Сейчас он беседует с почтмейстером Бертиком, бывшим жандармским вахмистром, у которого была привычка, слушая кого-нибудь, почесывать нос, поначалу медленно, а потом все быстрее.
Пан Бертик говорит:
— Jawohl, mein Freund[24], — и достает щепотку табаку из берестяной табакерки сидящего рядом с ним советника Павлоусека, который сидит смирно и по своей привычке работает челюстями, чем приводит свои уши в движение и преспокойно шевелит ими, над чем тихонько хихикает сидящая напротив блондинка барышня Нежа и подталкивает локтем бледного Матоушека, который деликатно кашляет, прикрывая рот ломтиком хлеба.
Пан Пршелоучка поддерживал все общество в состоянии веселья. Он рассказывал анекдоты, которые никого не оскорбляли и над которыми могли посмеяться и дамы тоже, что они и делали беспрерывно и громко. Нежа от смеха присвистывала, а пани Анна, басовито хохоча, хлопала мужа толстой рукой по спине.
Почтмейстер Бертик смеялся «ха-ха», пан доктор «хе-хе» и чихал, пан депутат смеялся «хо-хо», а пан Матоушек «хи-хи». Это были, ничего не скажешь, превосходные анекдоты. Может, где-нибудь в другом месте они и не понравятся, но в Дачицах их почитают за истинно золотые россыпи юмора, и никому не мешает, если кто-то из сидящих перебивает пана Пршелоучку, дачицкого короля острословов, замечаниями и репликами, которые бывают иногда не менее остроумны, нежели сами анекдоты.
— Я расскажу вам, — сказал Пршелоучка, когда капельмейстер объявил, что сейчас будет перерыв, чтобы музыканты могли подкрепиться, — я расскажу вам отличную историю про лису.

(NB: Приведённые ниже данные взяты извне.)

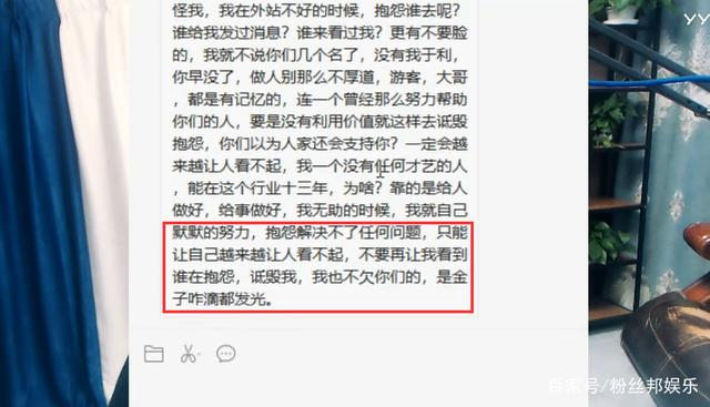舞帝利哥在群内发表的长文表示,舞帝的主播在没认识自己之前有啥,对于平台的“变故”不是他能左右的。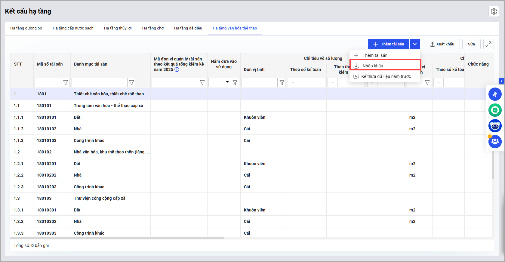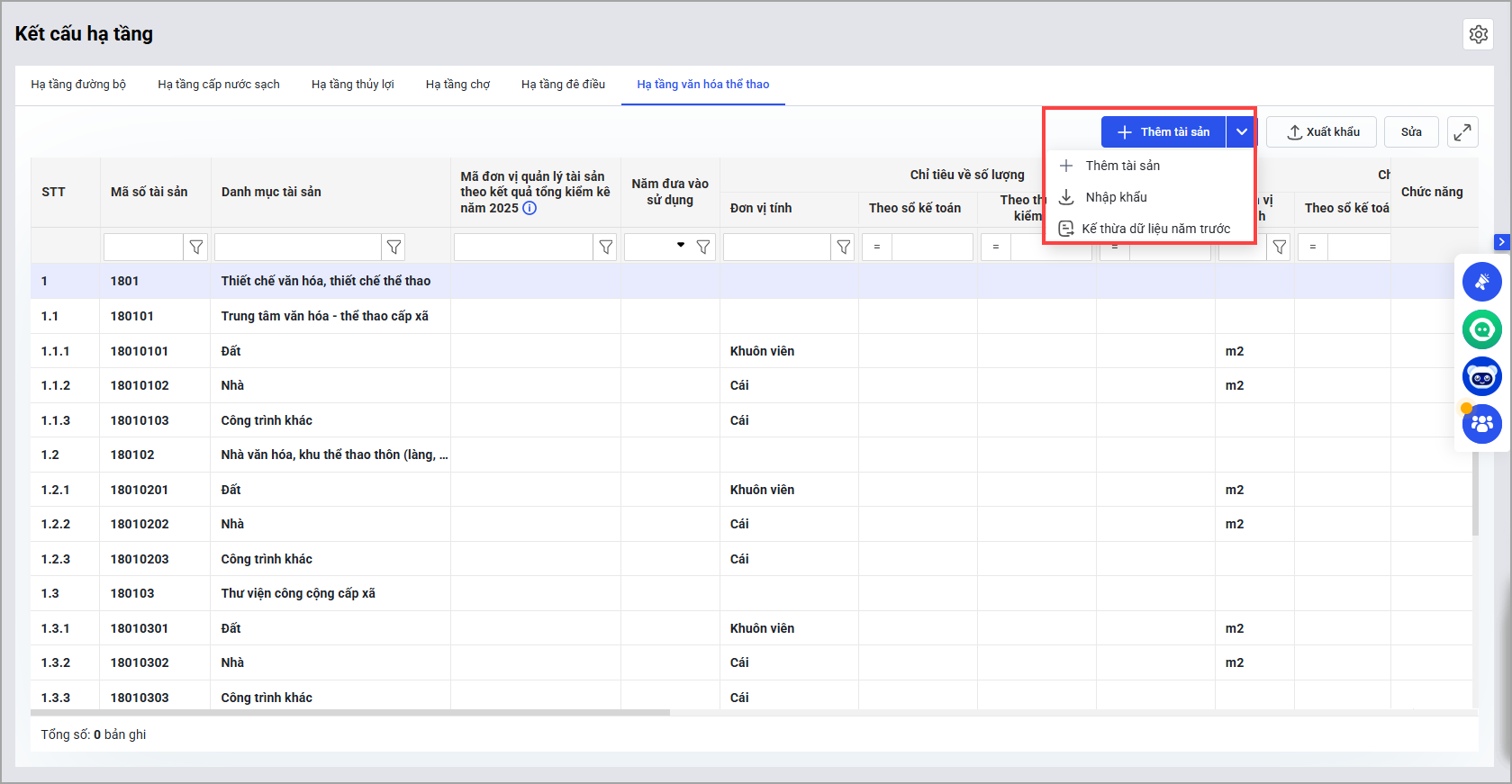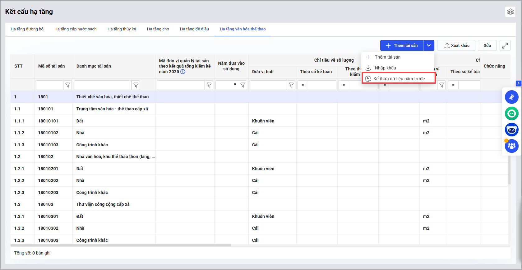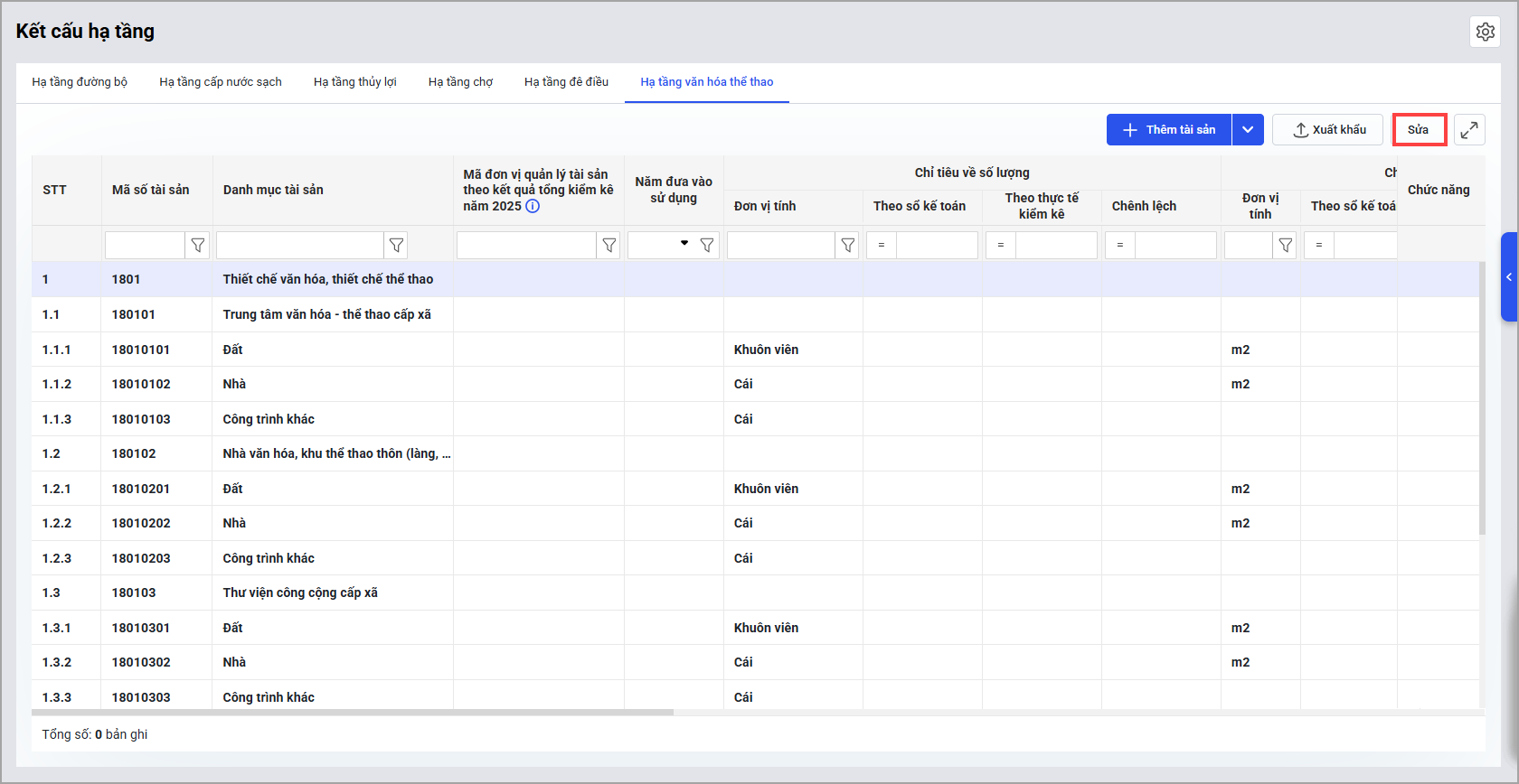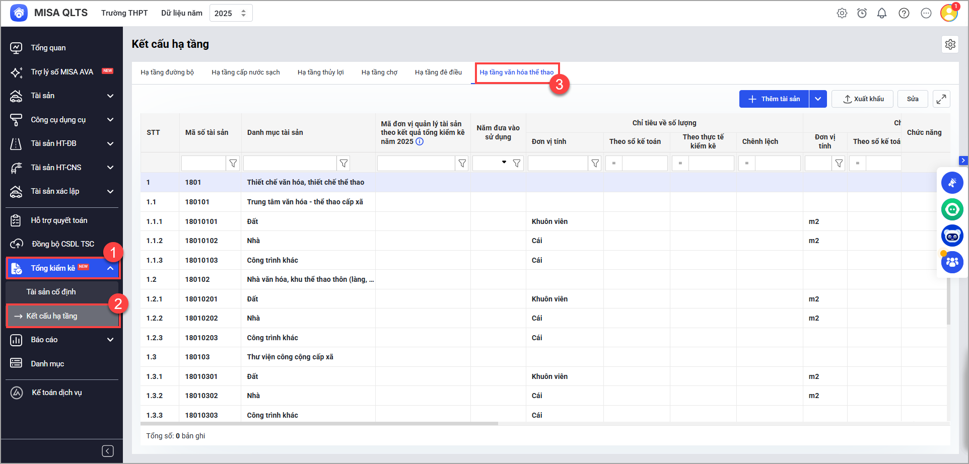 1. Vào Tổng kiểm kê/Kết cấu hạ tầng chọn mục Hạ tầng văn hóa – thể thao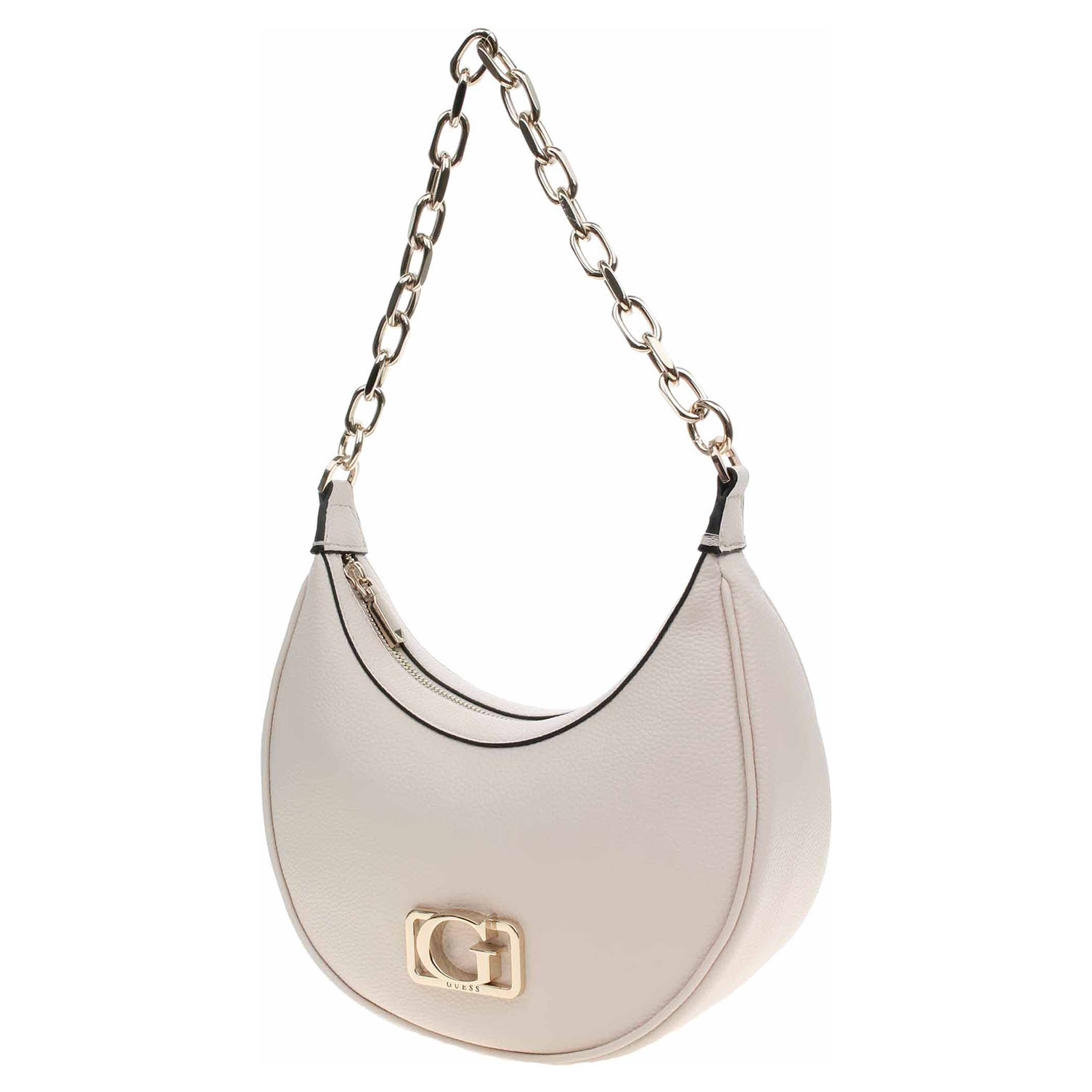 Guess - dámská kabelka ze syntetického materiálu a s textilní podšívkou má rozměry 25 x 24 x 11 cm. Kabelka s logem na přední straně, kterou je možno nosit v ruce na řetízku a nebo přes rameno na regulovatelném, odepínatelném popruhu, se zapíná na zip a na zadní straně je vybavená kapsou se zipem. Vnitřní výbava: 1x kapsa se zipem, 6x přihrádka na platební karty.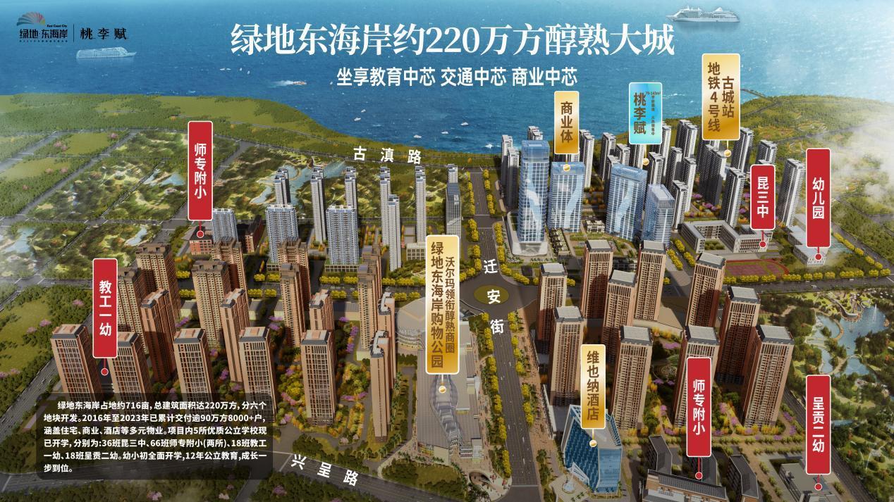 【6所学校 12年公立优教】:绿地东海岸项目配建6所学校,5所已全面开学,涵盖2所幼儿园、2所小学和1所中学,均为省一级公办性质,分别为:36班昆明市第三中学(简称“昆三中”)、66班昆明师范高等专科学校附属小学(简称“师专附小”)、18班昆明市教工第一幼儿园(简称“教工一幼”)和18班呈贡区第二幼儿园(简称“呈贡二幼”)。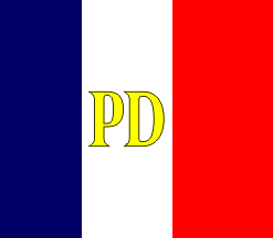 The personal flag of Paul Deschanel is shown in the 1923 Supplement of the Album des pavillons, guidons, flammes de toutes les puissances maritimes [f9r23], as a French Tricolore with the monogram of the President, composed of the letters "P D" in gold, in the center of the white stripe. A smaller, black and white image published in Emblèmes et Pavillons [eep], No. 1, confirms the design of the flag.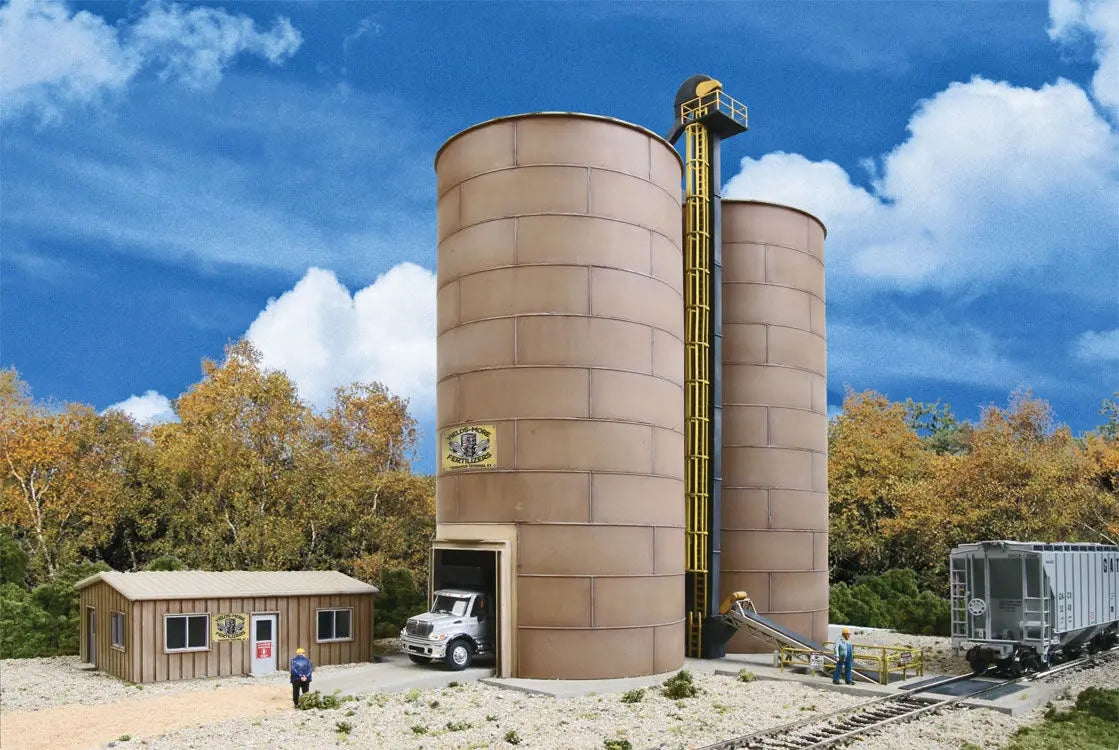 Wherever sand is offloaded, you'll find facilities like the prototype for the Cornerstone Rail-to-Road Aggregate Transfer. One of the newest industries along the rails involves some of the oldest material on earth - sand! While it's been used for centuries to make building materials, glass and metal castings, you'll also find it in paint, fertilizer and plastics. Recently, fracturing sand (or frac sand) has become a hot commodity, used to break rock and improve the flow at new oil and gas fields. But you can't use just any kind of sand for any kind of product, which means it's got to be hauled long distances from producer to end user - a big job tailor-made for today's railroads! Rail-to-Road Aggregate Transfers like this kit can be found at a wide range of industries, where they handle road salt, fertilizer and other granular materials. This complete, easy-to-build kit features twin storage silos with pull-through loading for trucks, main office and guard shack, plus printed company and safety signs. As shown the kit measures: 14-1/2 x 9-5/8 x 11" (36.8 x 24.4 x 27.9cm)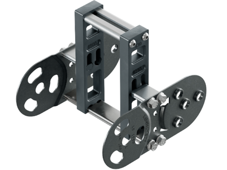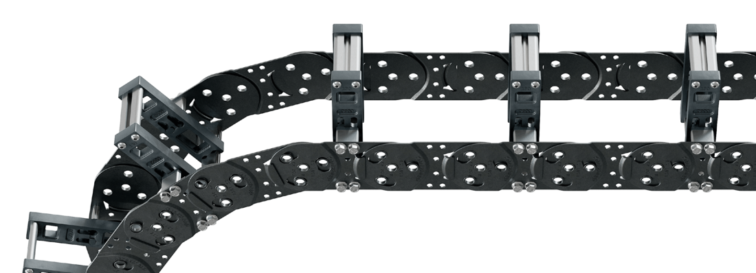 Aluminum profile bars with plastic mounting frame stays for guiding very large cable diameters.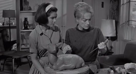 la-meurtriere-diabolique-william-castle-1964-strait-jacket-william-castle-productions-2 13 Mai 202218 décembre 2025limguela couteau, chignon, sculpture, deux personnages debout côte à côte en plan taille
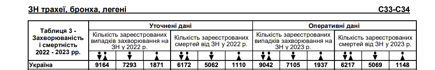 В Україні станом на 2023 рік зафіксовано 1 153 519 хворих на рак, з них 110 022 людей захворіли у 2023 році та 42 043 померли. Рак трахеї, бронха, легені – на третьому місці за поширеністю та на першому за смертністю. У 2023 році було зафіксовано 9 042 випадків: 7 105 серед чоловіків та 1 937 серед жінок. Померли від цього виду онкології 5 069 чоловіків та 1 148 жінок.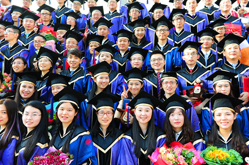 典礼结束后,校领导和各学院、各机关部门负责人与优秀毕业生和研究生亲切合影留念。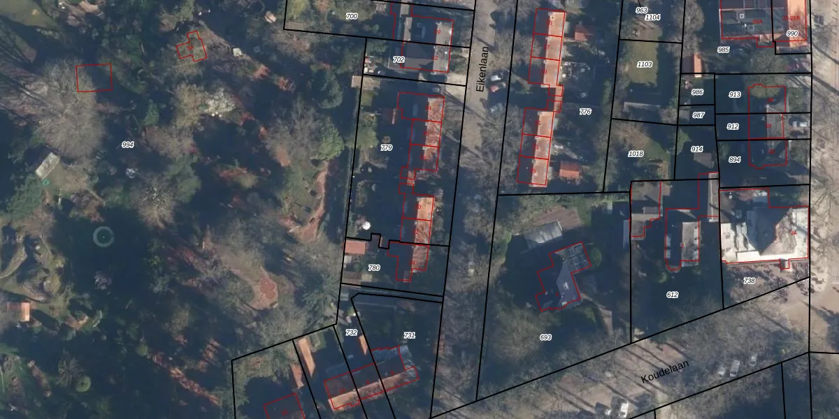 Het perceel waarop Eikenlaan 20 staat heeft een oppervlakte van 967 m². Dit is een groot perceel. De perceeloppervlakte wordt geregistreerd door het Kadaster. Gedetailleerde informatie over de maten van dit perceel kunt u vinden in het rapport Kadastrale kaart met maatvoering van Eikenlaan 20.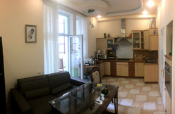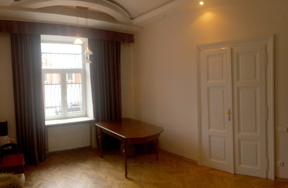 Квартира розташована на першому поверсі в будинку класу 'австрійський люкс'. Вікна виходять на тихі затишні дворики. Є великий балкон з видом на тихенький внутрішній дворик. Велика простора кухня та камін в кімнаті.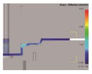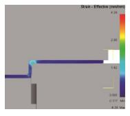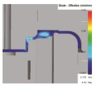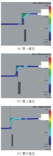 为解决成形方案中凸台圆角处充填不饱满的问题,考虑在成形凸台之前增加一道次,在内筒与轮辐之间作圆弧过渡,使坯料在凸台处聚料,后两道次按照成形方案的模具进行模拟。增加在凸台处聚料的道次及成形凸台最后一道次的应变分布图如图8、图9所示。从成形结果看,凸台圆角处充填饱满,并且没有缺陷产生,成形效果较好,故该成形方案可以有效地解决凸台处减薄严重的问题。对比各道次等效应变值可以发现,随着道次的增加,材料内累积的应变值越来越大。

— Про лису, говорите, ах вы, старый лис, — хохотал поддерживаемый всем обществом пан бургомистр, — ну, рассказывайте про лисичку, старый лис!
Новый взрыв смеха.
Пан Пршелоучка отхлебнул и заговорил:
— Отправился я однажды в гости к своему дядюшке-леснику.
— А у вас еще и дядюшка имеется? — невинно вопросил пан Патрный среди бурного веселья.
— К этому дядюшке я, значит, и пошел.
— На своих на двоих? — спросил советник Матоушек, весело подмаргивая сыну.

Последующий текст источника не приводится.